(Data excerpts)
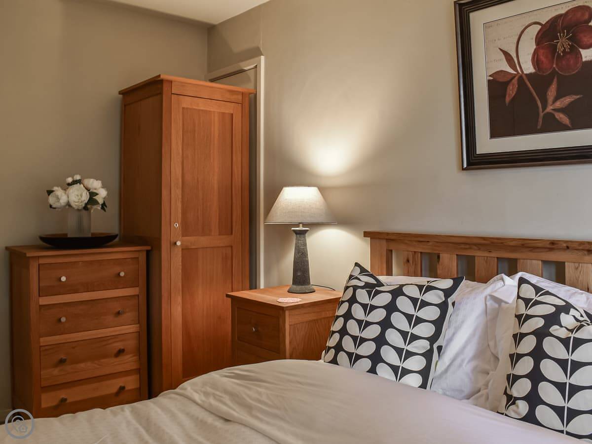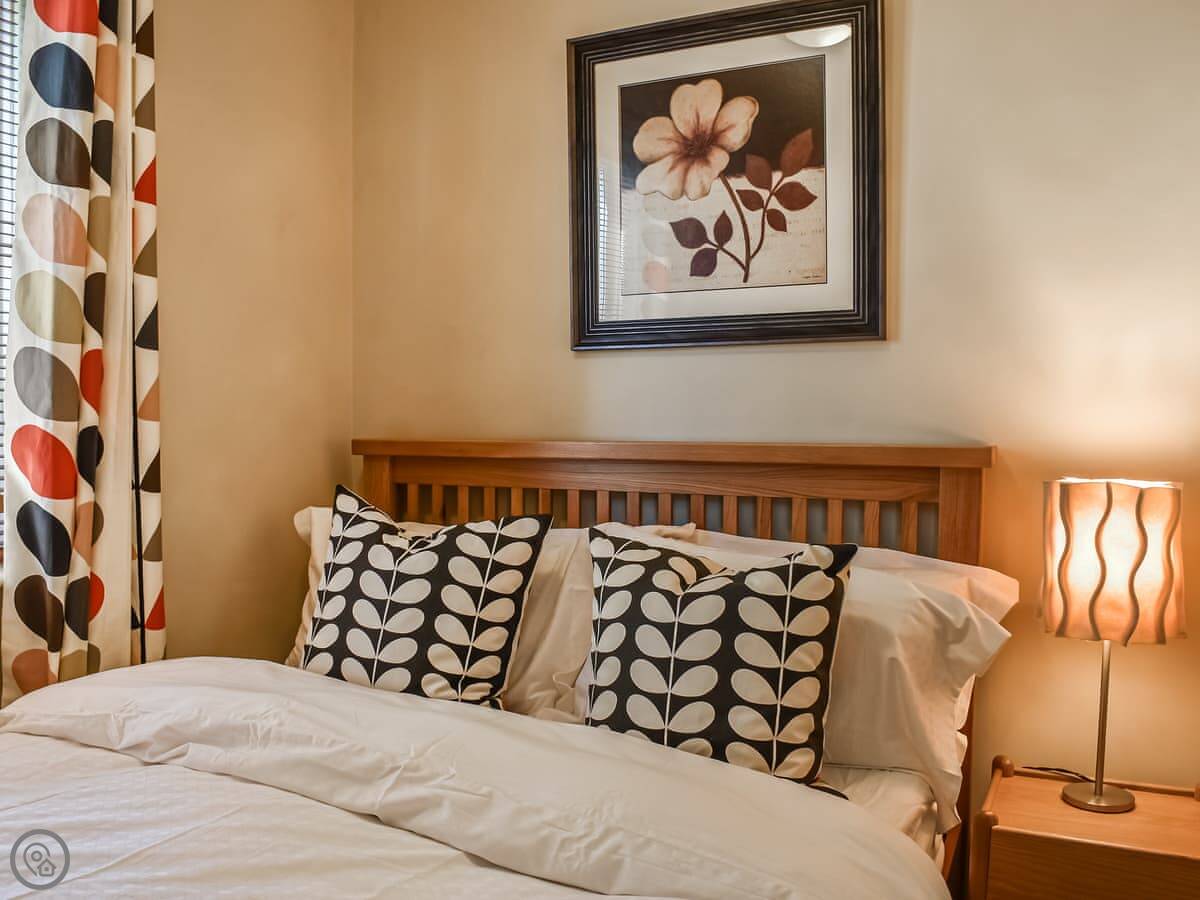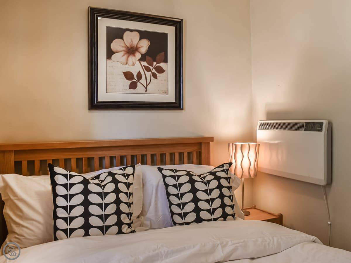 It sleeps four, in two double bedrooms. There's one bathroom with a bath and an electric shower. It's got a 4 Star rating. The place is compact, but it's been done up. The kitchen is new. The living area opens onto a west-facing balcony. You get a view of the lake from there, and it catches the afternoon sun.
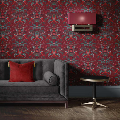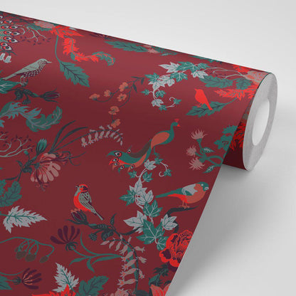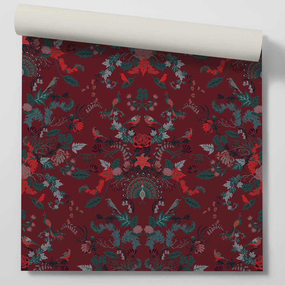 Aviana is filled with birds amongst florals. The Ruby colourway of Aviana offers a Claret background, complimented by touches of Scarlet red and rich Teals. Filled with birds and florals, this decorative design adds drama and warmth to an interior.
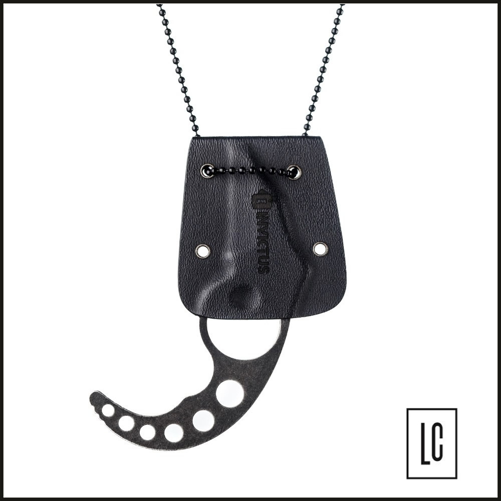 A bainha de Kydex proporciona um encaixe perfeito da faca e um saque rápido e preciso. Além disso, possui maior resistência ao desgaste provocado pelo suor e conta com corrente de pescoço.
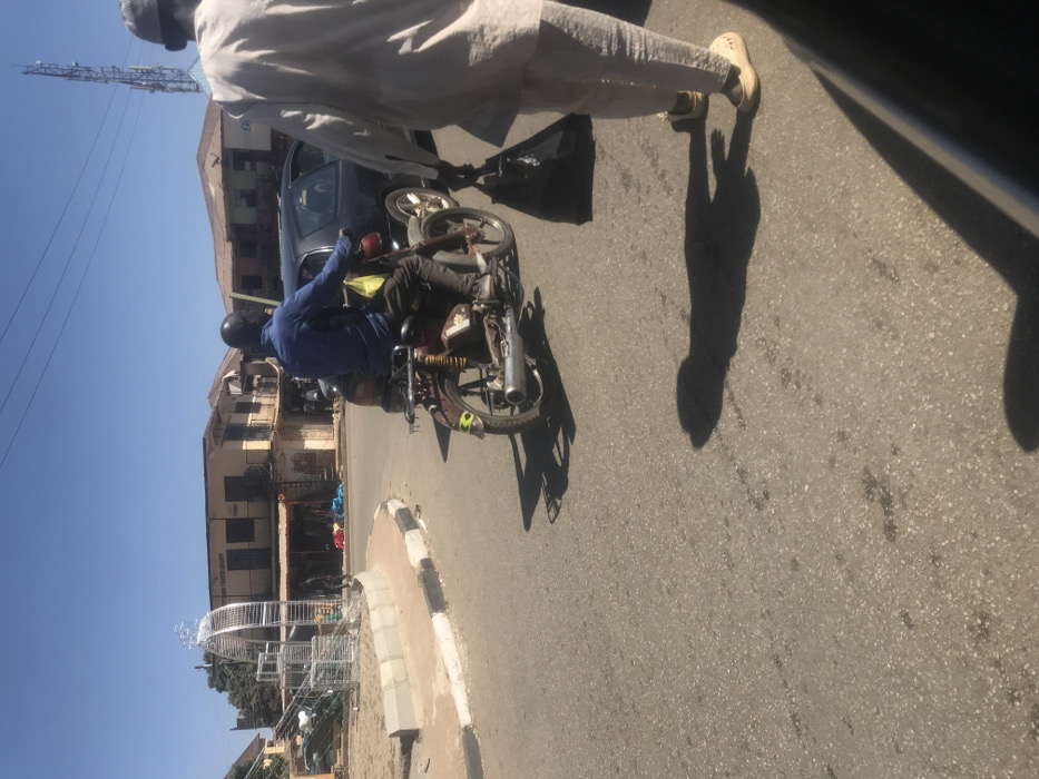 A partially obscured view shows a street scene. A man on a motorcycle wears a blue shirt and helmet. A dark car is parked nearby. A pedestrian in light clothing walks by, casting a shadow. Buildings line the street, and a decorative white structure stands to the left. Overhead power lines and a communication tower are visible in the distance.
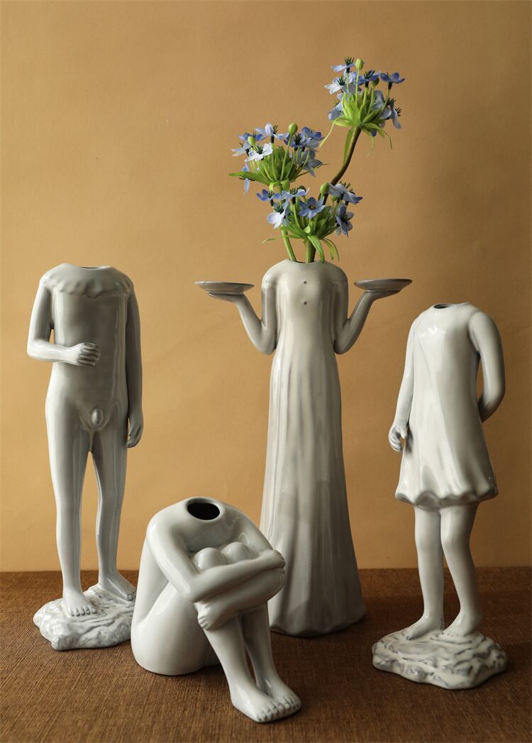 手作り 窯の釉薬 人体彫刻 家の置物 燭台 陶磁器の花瓶 デザインセンス
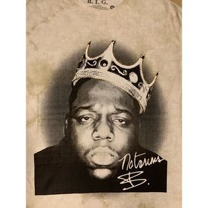 Features/Description: Shirt is a tan/white tie dye t-shirt. Front of the shirt has a Biggie Smalls BW photo with a crown. The crown is outlined in gold rhinestones.
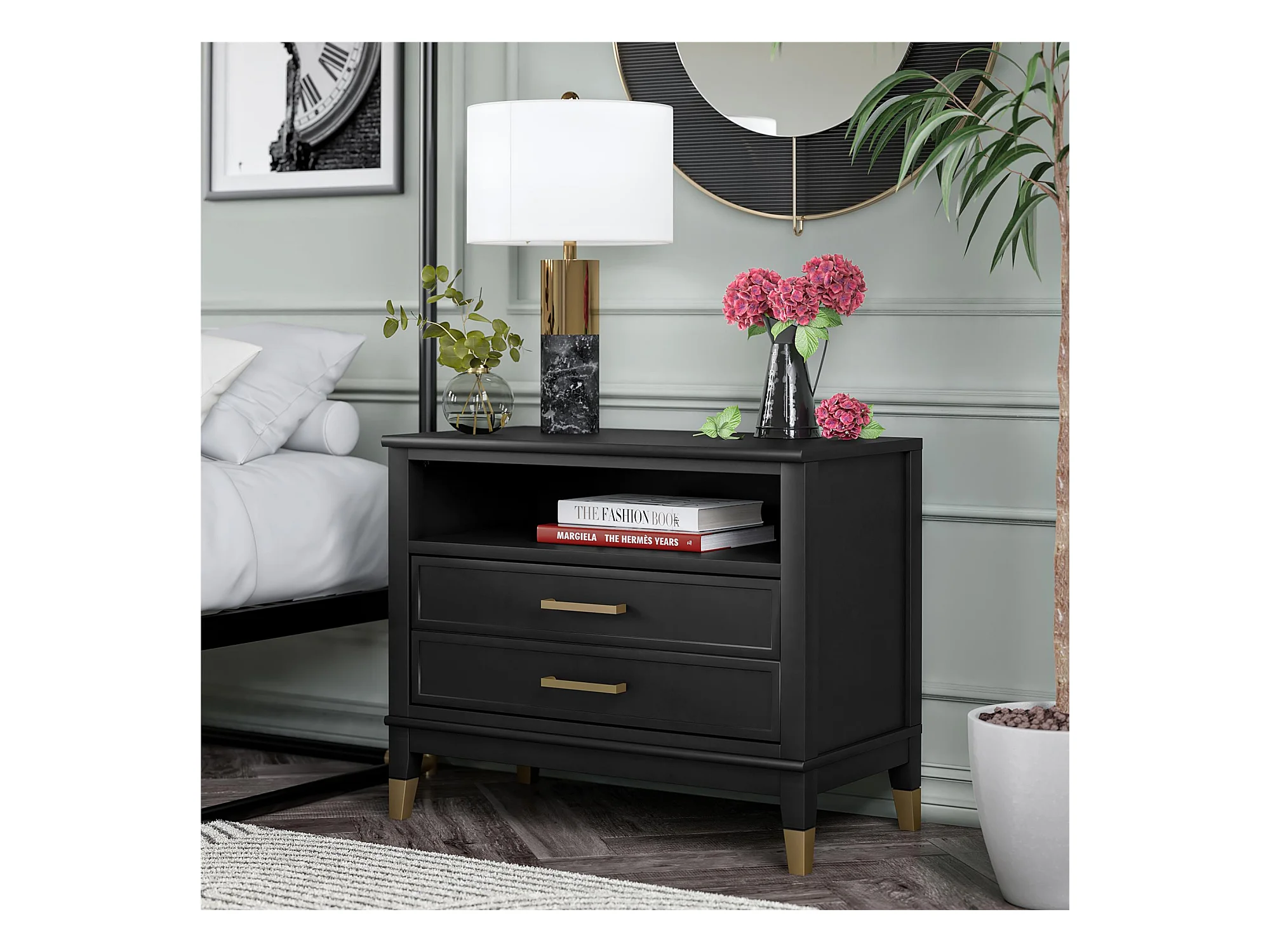 Westerleigh | Mesilla de noche con 2 cajones y 1 estante en negro

> [Assignment]:
Images are to be skipped, and each line above is to be returned exactly.

> [Task solution]:
 It sleeps four, in two double bedrooms. There's one bathroom with a bath and an electric shower. It's got a 4 Star rating. The place is compact, but it's been done up. The kitchen is new. The living area opens onto a west-facing balcony. You get a view of the lake from there, and it catches the afternoon sun.
 Aviana is filled with birds amongst florals. The Ruby colourway of Aviana offers a Claret background, complimented by touches of Scarlet red and rich Teals. Filled with birds and florals, this decorative design adds drama and warmth to an interior.
 A bainha de Kydex proporciona um encaixe perfeito da faca e um saque rápido e preciso. Além disso, possui maior resistência ao desgaste provocado pelo suor e conta com corrente de pescoço.
 A partially obscured view shows a street scene. A man on a motorcycle wears a blue shirt and helmet. A dark car is parked nearby. A pedestrian in light clothing walks by, casting a shadow. Buildings line the street, and a decorative white structure stands to the left. Overhead power lines and a communication tower are visible in the distance.
 手作り 窯の釉薬 人体彫刻 家の置物 燭台 陶磁器の花瓶 デザインセンス
 Features/Description: Shirt is a tan/white tie dye t-shirt. Front of the shirt has a Biggie Smalls BW photo with a crown. The crown is outlined in gold rhinestones.
 Westerleigh | Mesilla de noche con 2 cajones y 1 estante en negro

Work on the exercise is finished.